Me senté en la silla reclinable y noté que de mis muslos manaba arena como una cascada. Cientos, miles de granos caían por la pendiente entre mi rodilla flexionada y el nacimiento del muslo, una cascada dorada que fluía con movimiento de agua que corre. Pero al tocarla, nada. Deduje que el sol producía un efecto cinético sobre la mezcla de agua y arena.

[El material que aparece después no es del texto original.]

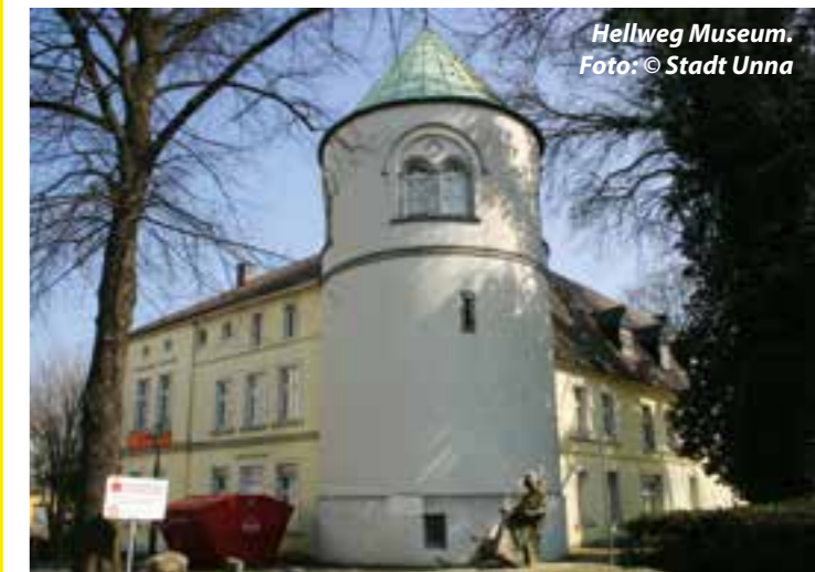
Hellweg Museum.

Durch die Verlängerung der Sonderausstellung „ Der Unnaer Künstlerkreis. Stadt und Kunst zwischen 1945 und 1970 “ bis zum 15. August kann das Museum nun für einige der ausgefallenen Veranstaltungen Nachholtermine anbieten.

Miré el mar. Pero antes de él encontré otra superficie, un campo de visión más inmediato, como si lo que el ojo registrara estuviera dividido en capas superpuestas al igual que las filminas de un proyector. La fibra más cercana a mí estaba manchada de gusanitos de colores, parecidos a los que se forman sobre un vidrio húmedo atravesado por el sol. Creí entender el mecanismo. Se trataba, sencillamente, de un filtro sobre los ojos. Como el papel de celofán sobre los lentes de las cámaras. Un velo, es decir, un embuste. Para ver todo diferente sin que nada diferente ocurra.
Pero: la cascada de arena sobre mi muslo tenía vida auténtica. Era un derrame constante, un verter de arena infinita.
Quise comprobar el espejismo. Me puse de rodillas, tomé un puñado de arena y lo dejé escurrir entre mis dedos y entonces vi cada grano, reconocí cada grano y admiré sus dibujos y el mineral y la piedra original. Los cuarzos diminutos, particulares, únicos, palpitaban. Miré los edificios de la Costera y el contorno de la montaña que entra al mar y la isla de La Roqueta unida por un hilo rojizo a la bahía, y vi que la tierra, lo que estaba fijado a ella, oscilaba como un acordeón, una espiral, una bandera deformada por una ráfaga de viento. No podía ser un truco elaborado o una equivocación de la vista, sino una alteración más compleja y misteriosa, sujeta a reglas que iban más allá del mundo físico y a las que era mejor rendirse, y no intentar comprender.
La tela de la sombrilla clavada en la arena era de rayas verdes, rosas y azules pastel. Estaba raída en algunas partes y con manchas amarillentas de humedad. En las intersecciones entre los colores aparecieron figuras caleidoscópicas y ellas empezaron a desplazarse con autonomía. Las contemplé en silencio. Un gusanito perlado, de vidrio puro, me recorría entera desde la vulva hasta la punta de la nariz. El paisaje se tornaba un pasaje por el que yo caminaba hacia el sueño, y el sueño era lo verdadero.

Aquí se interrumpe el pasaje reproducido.